# Do I really need to get this, or do I have a case of MDS??



## Bytor (Feb 3, 2021)

Sometimes, I hate being on Thermoworks email chain.  It's emails like this one that gets me to thinking that this would be neat to have.  Now, do I really need it?  Probably not, as I already have an MK4 and an older Thermapen, plus I already have an IR gun from years ago.  I haven't tested it against a known temp in a while and I always keep it in the garage which is inconvenient to get....
Anyone else fall for this one yet??  I'm kind of teetering back and forth, if you can't already tell


----------



## JLeonard (Feb 3, 2021)

Well thats pretty neat.  But like you said....Do you really need it? And 139 dollars will buy a lot of meat.
Jim


----------



## chilerelleno (Feb 3, 2021)

He who dies with the most toys, wins!


----------



## TNJAKE (Feb 3, 2021)

Looks like you should buy us both one.....


----------



## sandyut (Feb 3, 2021)

I'll take one too while you are at it.   bahaha

When mine dies (if ever) that looks like a real good replacement!


----------



## kruizer (Feb 3, 2021)

If you are buying, I'll take one.


----------



## GonnaSmoke (Feb 3, 2021)

chilerelleno said:


> He who dies with the most toys, wins!


The difference between men and boys is the price of their toys.....


----------



## Bytor (Feb 3, 2021)

Wow, talk about support☺

I guess my rationale is that I would give my oldest son my original Thermapen and get this one.  Still deciding......


----------



## DanMcG (Feb 4, 2021)

I like it!
 My old thermapen is on it's way out and I would like an infrared but I'm not ready to part with 140 bucks yet.


----------



## Steve H (Feb 4, 2021)

I have no doubt that this is a great gizmo. But 150.00?


----------



## GonnaSmoke (Feb 4, 2021)

Bytor said:


> Wow, talk about support☺
> 
> I guess my rationale is that I would give my oldest son my original Thermapen and get this one.  Still deciding......
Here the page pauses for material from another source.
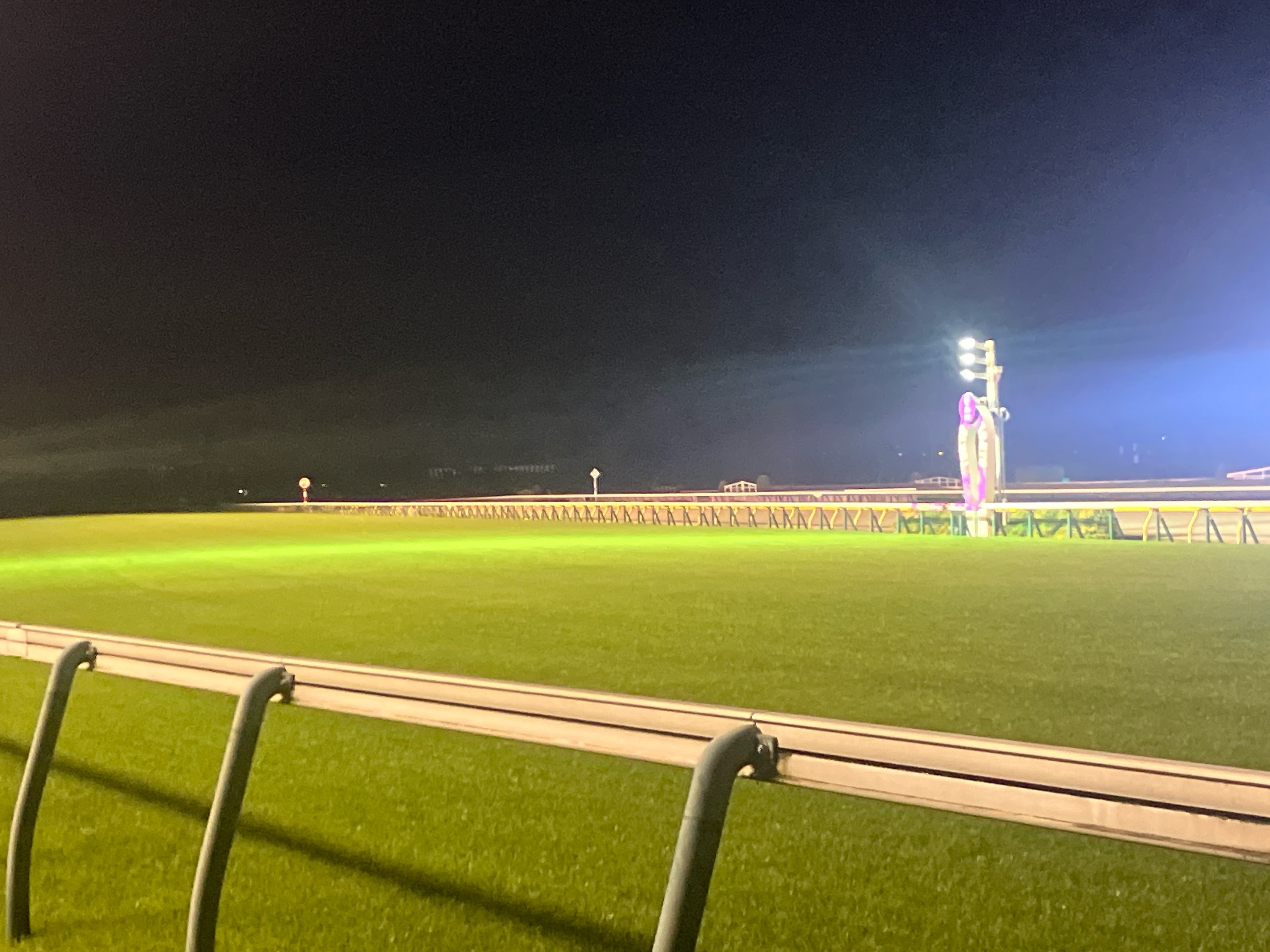 照明に照らされて青々と輝く芝コースを見ていると何だか不思議な気分に。地方競馬場のナイター開催に足繁く通っているのだが、また違った良さがあった。

Then the question that you need to ask yourself is "Has my son EARNED the right to have and to hold 'THE PEN'?" 
I can only imagine all of the history, the great cooks, the tastes of the wonderful flavors that your current Thermapen has produced so far in its history in your hands, but only you can make that decision.....


----------



## DanMcG (Feb 4, 2021)

Steve H said:


> I have no doubt that this is a great gizmo. But 150.00?


LOL now that I think about it, I paid close to $100 for my pen, so $140 ain't bad for a combo unit....How's that for justification.


----------



## JLeonard (Feb 4, 2021)

So 
B
 Bytor
 have you decided to buy us all one? That way we can give a totally unbiased review on whether your money was well spent or not.   
Jim


----------



## MJB05615 (Feb 4, 2021)

I would like to get on board with you buying us all one.  We can use it and let you know if it's good enough for you to get one for yourself.  Heck, since you're being so nice to get us all one, go ahead and get one for yourself too.  LOL.  It looks like a great product, but a little costly.  The main question, will it make a huge difference in your life?


----------



## krj (Feb 4, 2021)

I've looked at that exact thermapen. I don't really need it right now, but I did make the decision if a flat top cooker comes into my collection that I would invest in one of them.


----------